| What you need to do |
Wherever pictures appear in the listing below, leave them out, and copy exactly, and only, everything from the line with "Sharpie Markers feature" down to the line with "Rich Saree | |".

| Stored data |
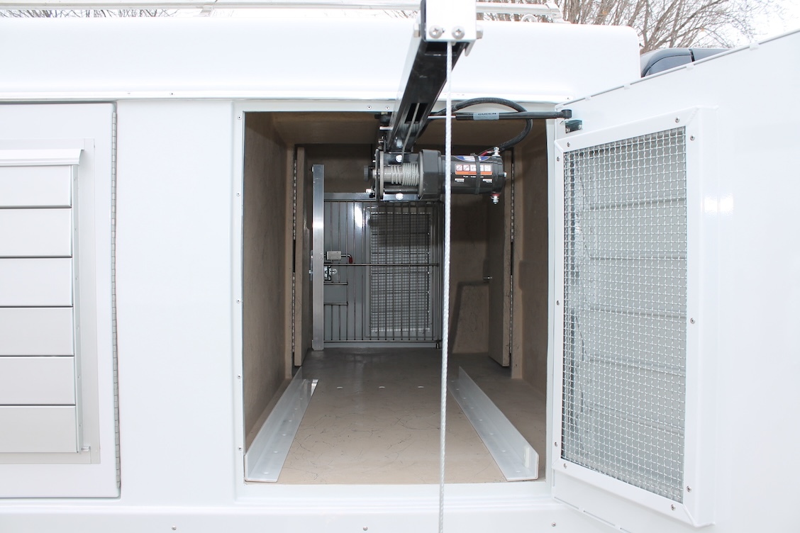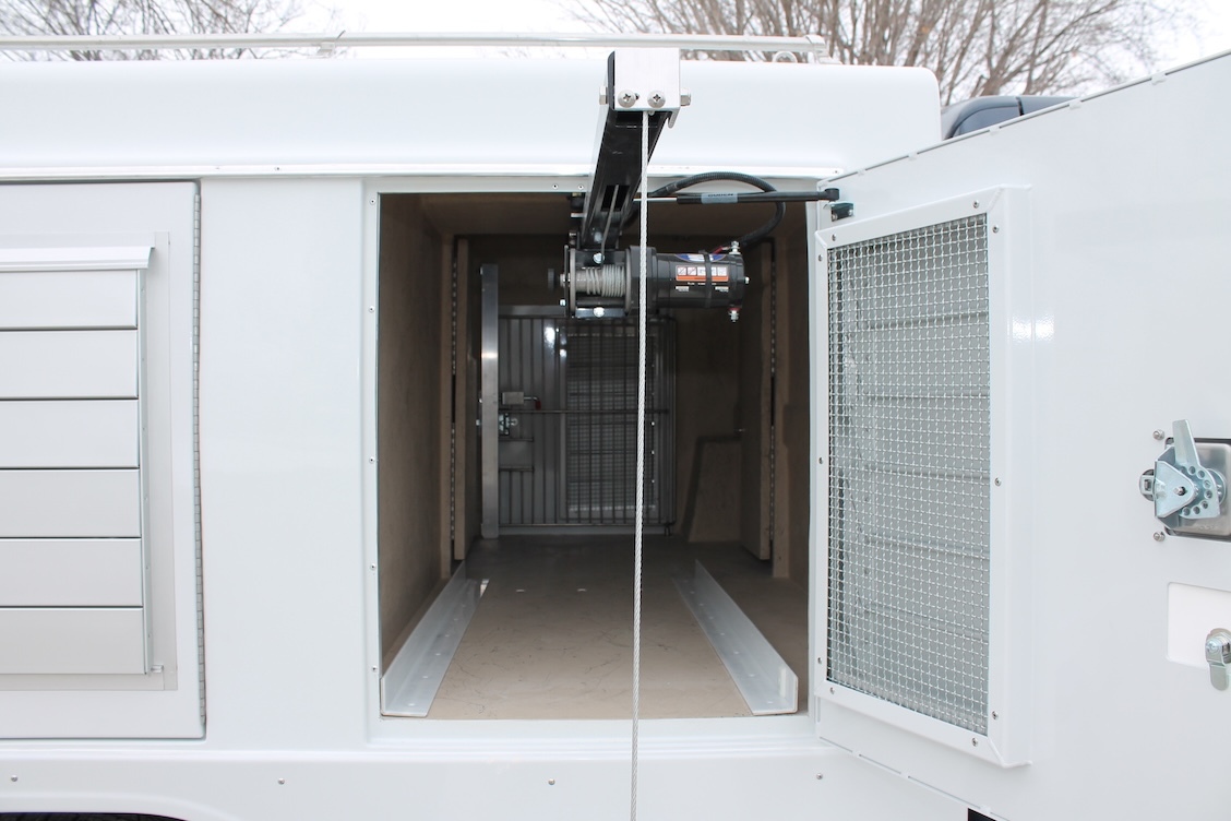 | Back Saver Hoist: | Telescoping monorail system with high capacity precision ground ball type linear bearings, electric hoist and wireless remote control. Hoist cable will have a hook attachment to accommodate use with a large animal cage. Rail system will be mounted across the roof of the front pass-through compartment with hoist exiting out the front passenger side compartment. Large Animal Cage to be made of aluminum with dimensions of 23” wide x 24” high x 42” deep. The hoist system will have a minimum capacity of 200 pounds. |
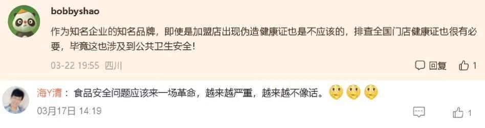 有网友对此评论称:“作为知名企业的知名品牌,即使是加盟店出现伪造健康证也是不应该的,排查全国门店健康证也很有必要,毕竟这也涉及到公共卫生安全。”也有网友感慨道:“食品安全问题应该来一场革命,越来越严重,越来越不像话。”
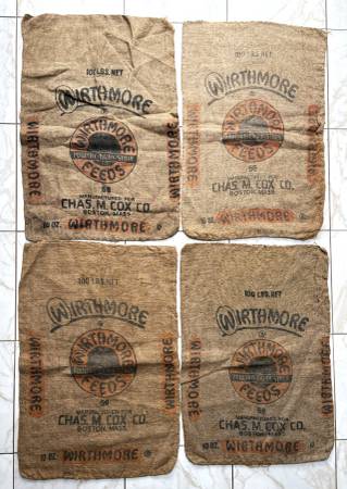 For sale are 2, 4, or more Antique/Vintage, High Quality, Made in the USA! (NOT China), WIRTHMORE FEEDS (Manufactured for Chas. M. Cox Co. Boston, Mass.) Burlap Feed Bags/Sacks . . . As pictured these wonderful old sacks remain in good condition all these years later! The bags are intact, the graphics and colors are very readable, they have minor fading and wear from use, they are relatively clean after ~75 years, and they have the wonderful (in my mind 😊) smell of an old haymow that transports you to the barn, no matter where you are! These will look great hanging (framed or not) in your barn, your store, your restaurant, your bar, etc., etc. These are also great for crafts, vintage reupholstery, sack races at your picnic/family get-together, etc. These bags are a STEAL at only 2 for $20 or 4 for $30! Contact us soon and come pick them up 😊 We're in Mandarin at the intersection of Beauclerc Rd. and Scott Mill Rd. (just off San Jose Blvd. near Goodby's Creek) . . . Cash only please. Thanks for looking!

---

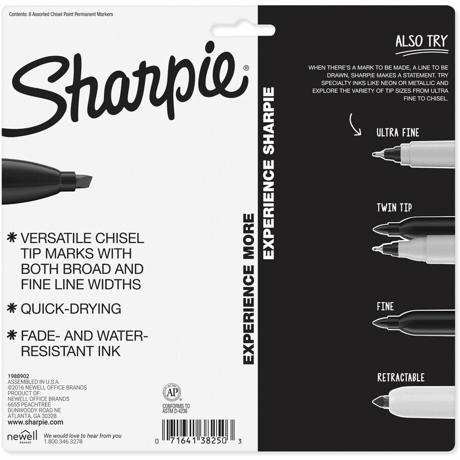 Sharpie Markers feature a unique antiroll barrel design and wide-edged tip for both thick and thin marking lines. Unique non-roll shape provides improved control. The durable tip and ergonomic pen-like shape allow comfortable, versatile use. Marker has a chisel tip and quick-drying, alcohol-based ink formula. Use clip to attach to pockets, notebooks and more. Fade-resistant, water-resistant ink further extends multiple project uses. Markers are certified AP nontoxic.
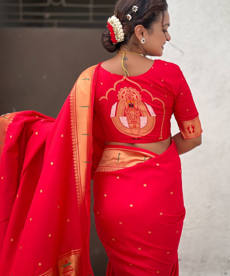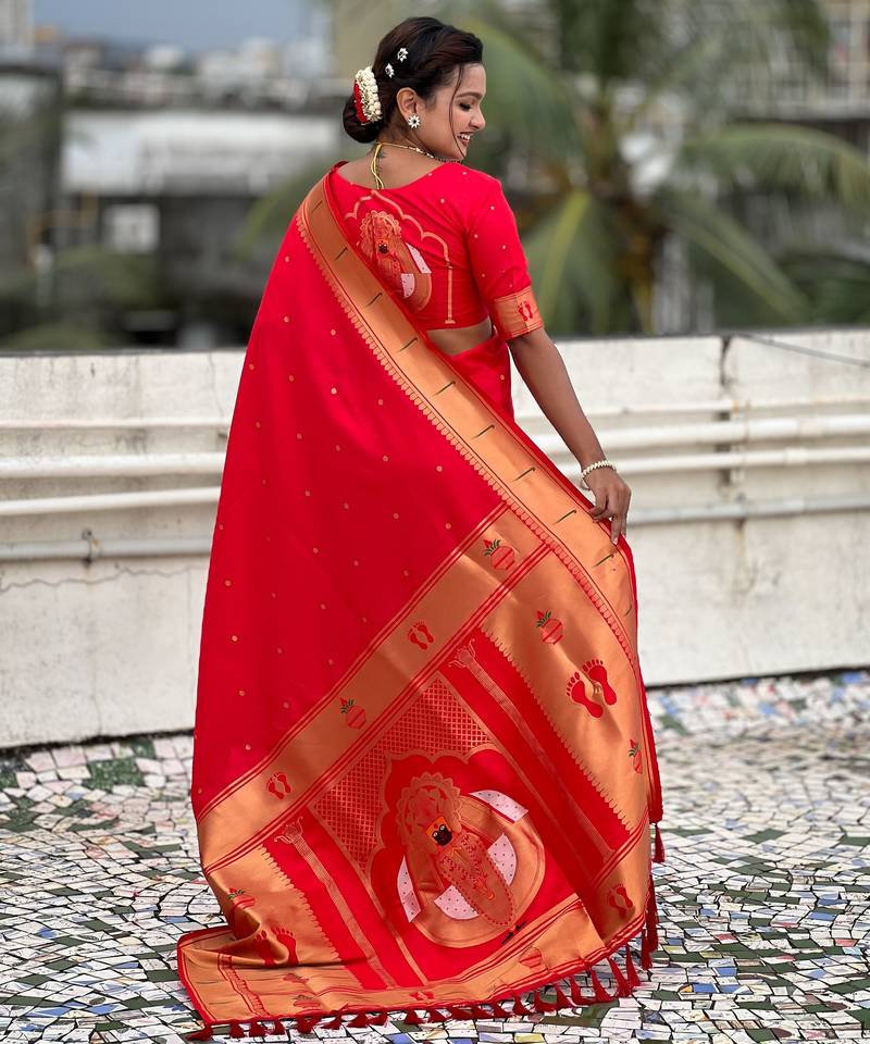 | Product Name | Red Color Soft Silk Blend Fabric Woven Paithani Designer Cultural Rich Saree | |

| Response below |
 Sharpie Markers feature a unique antiroll barrel design and wide-edged tip for both thick and thin marking lines. Unique non-roll shape provides improved control. The durable tip and ergonomic pen-like shape allow comfortable, versatile use. Marker has a chisel tip and quick-drying, alcohol-based ink formula. Use clip to attach to pockets, notebooks and more. Fade-resistant, water-resistant ink further extends multiple project uses. Markers are certified AP nontoxic.
 | Product Name | Red Color Soft Silk Blend Fabric Woven Paithani Designer Cultural Rich Saree | |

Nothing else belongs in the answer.